波什姆皱眉,示意播放。
屏幕先是雪花,接着晃动起来,像手持拍摄。
背景似乎是地下室,墙壁斑驳。
几秒后,一个裹着厚重毛绒外套的男人晃进画面,帽子压得很低,只露出下半张脸。
他随意地挥了挥手,仿佛在问候老友。
“晚上好啊,各位阿。
这么晚还打扰,真不好意思。”
声音带着古怪的轻松,“不过别担心,你们高贵的托马斯警司还活着——至少今晚的月亮,他还能看得见。
值得庆祝,不是吗?”
会议室里空气凝滞得如同冻住的冰。
画面仍在继续播放。
那个穿着厚重外套的男人踢开脚边的麻布袋,露出蜷缩在地的身影。
血迹浸透了衬衫的布料,但那张肿胀的脸还能辨认出属于谁。
几声压抑的咒骂从角落传来。
男人俯身拍了拍那张惨白的脸,声音里带着笑意:
“我们只想要钱,数目不大——这位先生应该值三千万吧?”
寂静被窃窃私语划破。
“三千万还叫不多?”
“换算过来都快两亿了,这跟明抢有什么区别?”
话刚出口,所有人便都沉默了。
这本来就是抢劫,只不过被勒索的对象换成了他们,才让人如此难堪。
画面中的男人并不知晓这些反应,大笑着挥了挥手:
“你们有一整夜的时间准备。
明天清晨,我会打这个袋子里装着的电话——千万别弄丢了。
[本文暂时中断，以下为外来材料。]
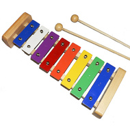 Percussion Plus 8-note glockenspiel with natural wood frame and multi coloured keys. Comes with beaters.
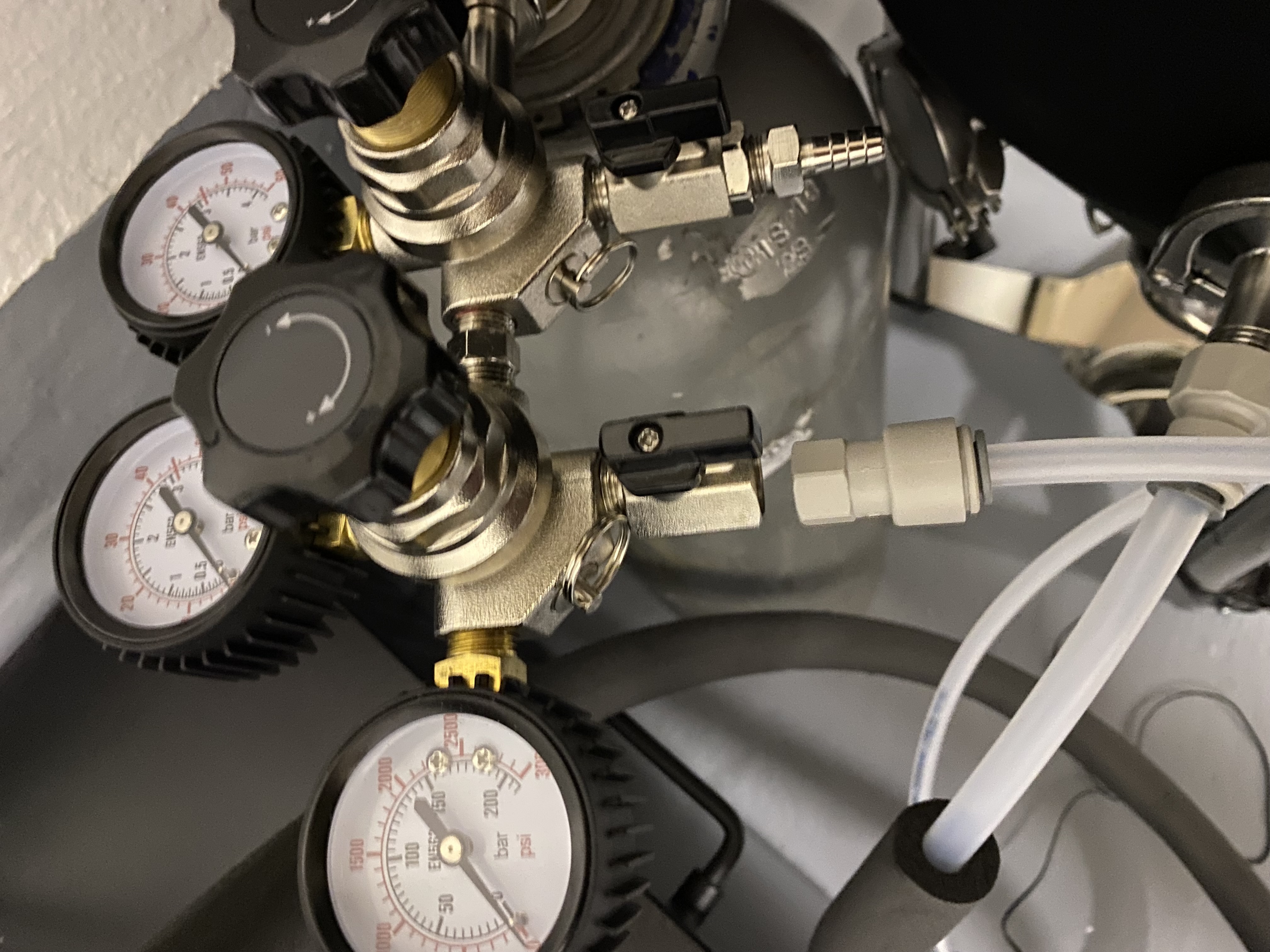 Hallo! Ich stehe gerade im wahrsten Sinne auf dem Schlauch. Ich habe eine Co2 Flasche mit Druckminderer vom Braumarkt (sie Bild). Tolles Gerät soweit… aber ich möchte gerne meinen Druck-Fernenter daran anschließen.
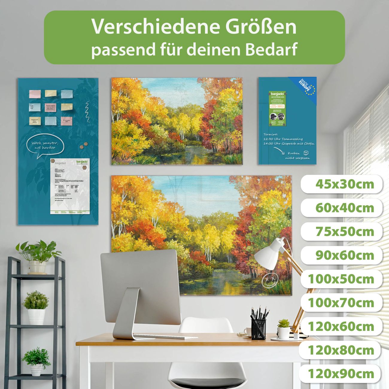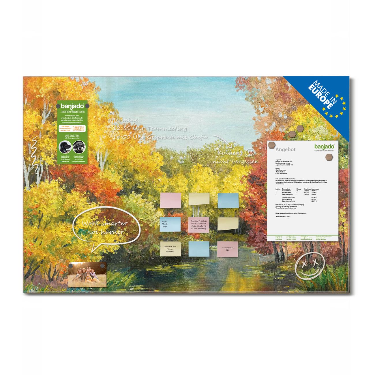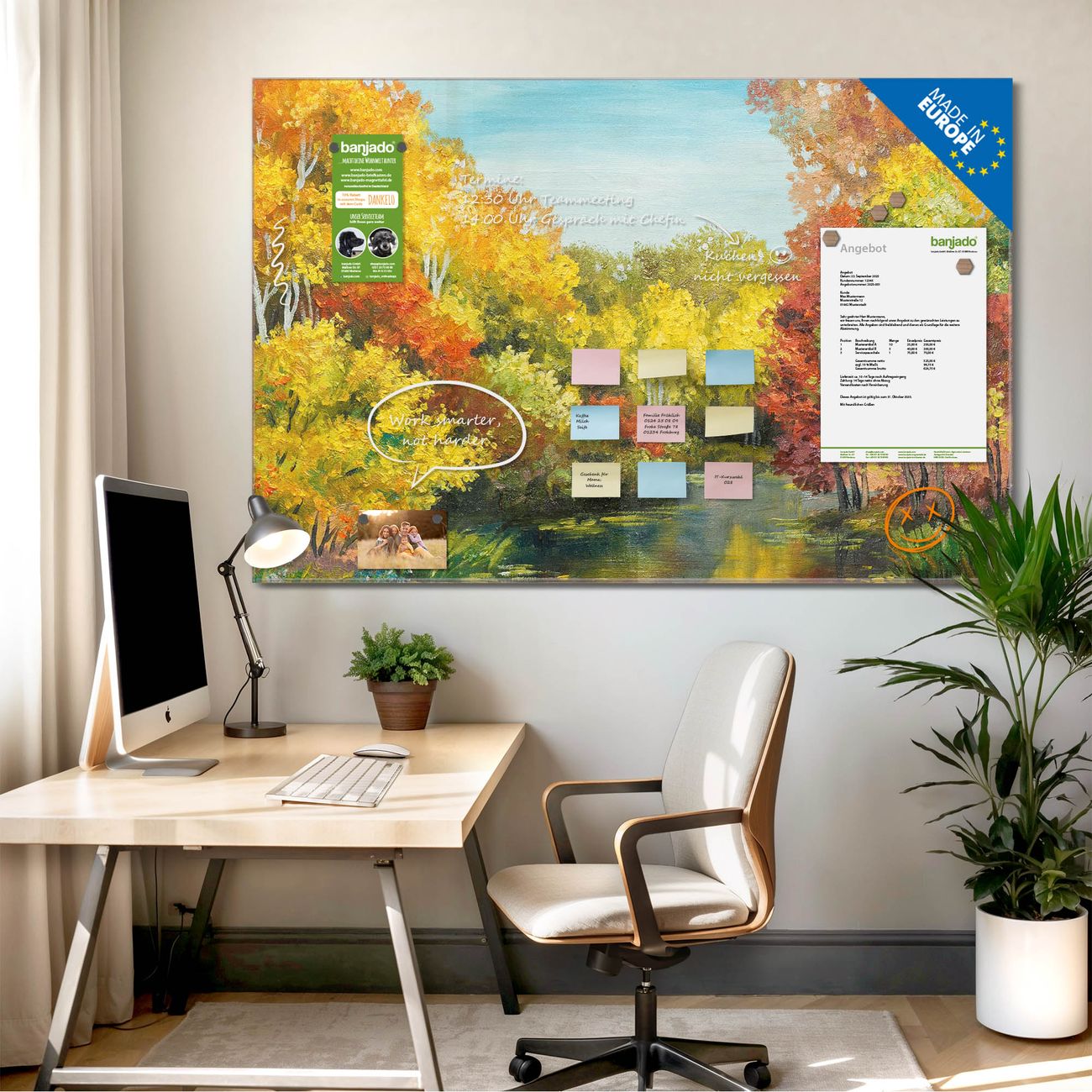 Die banjado Glas Magnettafel mit dem Motiv Motiv Kanal Im Herbst verbindet Funktionalität mit Stil. Sie ersetzt das Zettelchaos durch klare Strukturen und bringt dabei eine warme, natürliche Atmosphäre in Ihr Zuhause. Ob im Büro, in der Küche oder im Eingangsbereich - dieses Design-Board zieht Blicke an und sorgt für Ordnung mit Charakter.
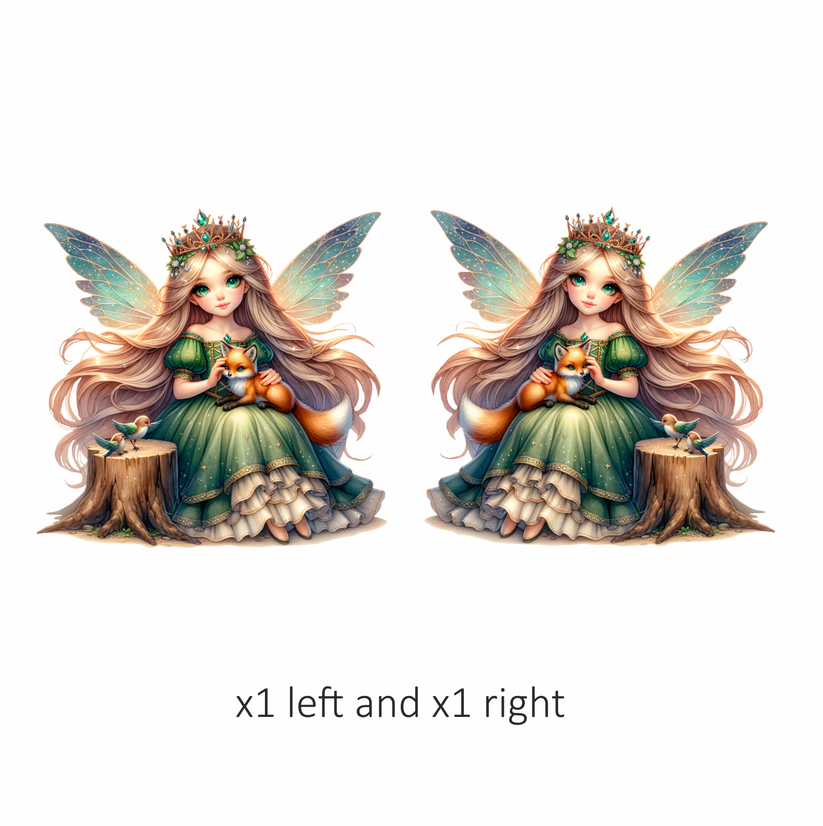 Fairy Green Dress Fox Birds Vinyl Sticker Decal
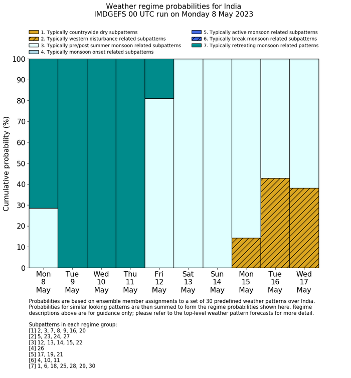 | Weather patterns typically associated with pre-monsoon tendencies over India are most likely Weather patterns 12, 13, 14, 15 and 22 (pre-monsoon) | |
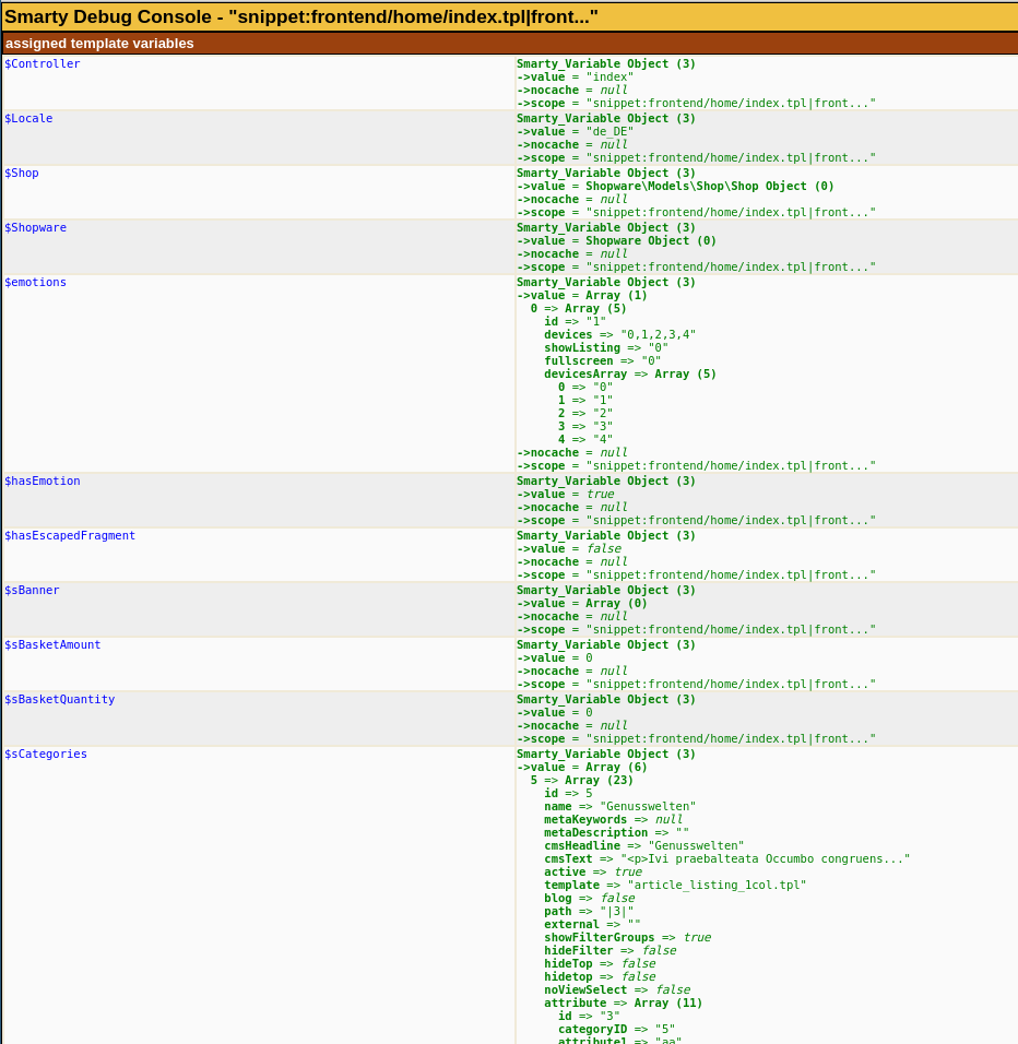 In this example, the {debug} tag was put in the themes/Frontend/Bare/frontend/index/index.tpl file, inside the frontend_index_html block.
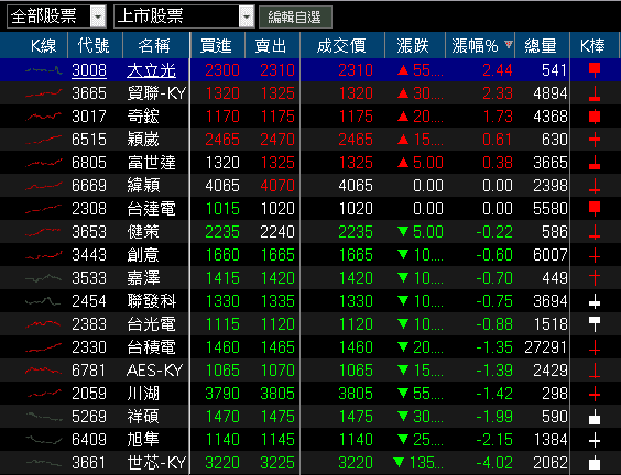 千金股跌多漲少,光學鏡頭大立光(3008)、連接線束貿聯-KY(3665)、散熱奇鋐(3017)、測試介面解決方案穎崴(6515)、軸承富世達(6805)皆收漲,電源管理與散熱解決方案台達電(2308)震盪收平,散熱健策(3653)、連接器嘉澤(3533)、CCL台光電(2383)、BBU AES-KY(6781)、伺服器導軌大廠川湖(2059)、高速傳輸祥碩(5269)、UPS不斷電大廠旭隼(6409)皆收跌,
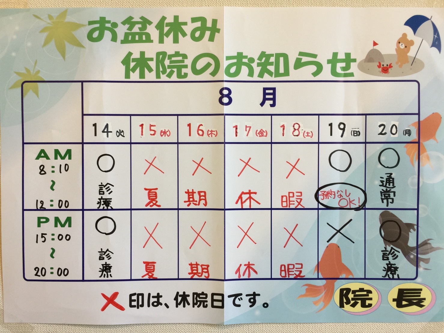 夏期休暇のお知らせ
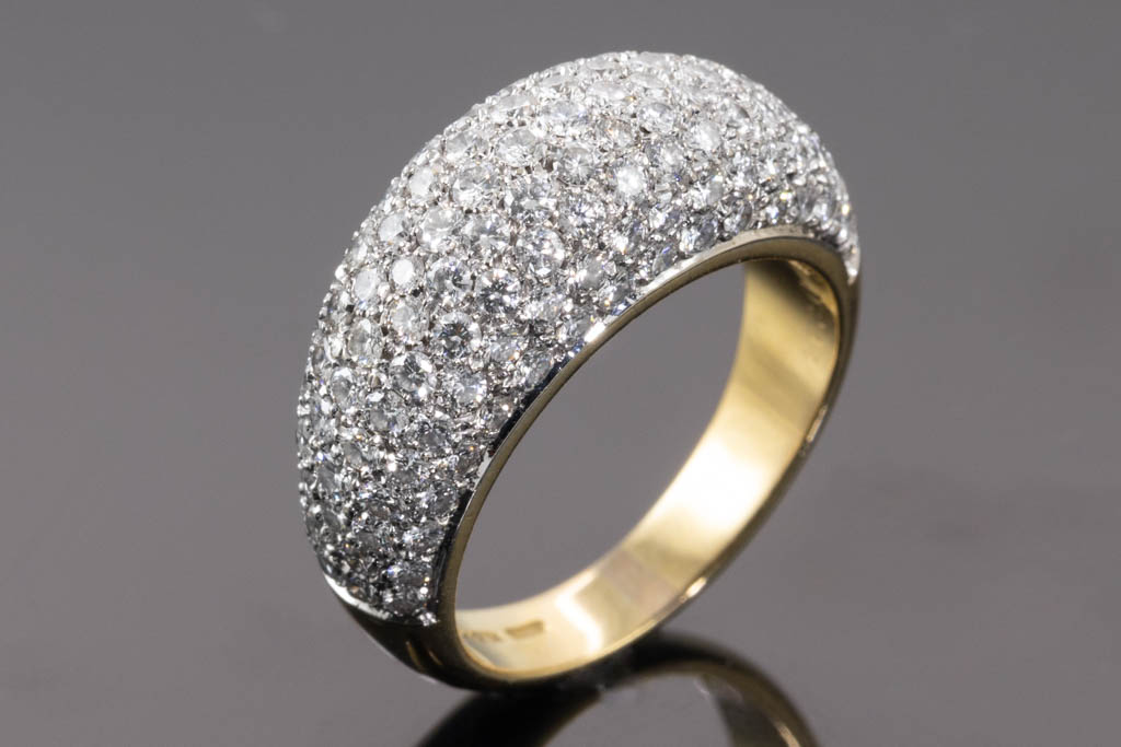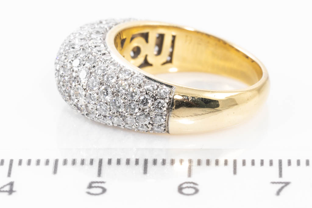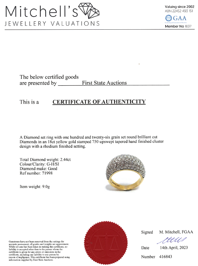 Diamond ring with round Diamonds totalling 2.44cts (Estimated grading: G-H SI). 18ct yellow gold. Ring size M1/2. Weight: 9.0g. With certificate #416843. (Pre-owned)

”
影像最后定格在一张因恐惧而扭曲的脸上,嘶哑的喊叫刺破空气:
“他们都是疯子!救救我——”
屏幕暗了下去。
没有人说话。
调查科的高级警官不仅因酒驾出事,还沦为勒索的筹码,这种事传出去会是多大的。
更何况赎金的数字太过惊人。
三千万,两亿多的港币——即便最终人质平安归来,这笔巨款的去向也必然引铺天盖地的质疑。
此刻多言多错,谁都不愿接下这个烫手山芋。
更何况,许多人心里本就积压着不满。
那些外来者将这里当作肆意收割的猎场,早已激起无声的怨恨。
波什姆扫过一张张回避的脸。
他当然清楚这些手下在想什么,表面不动声色,心底却早已翻涌。
但现在不是计较的时候,把人弄回来才是关键。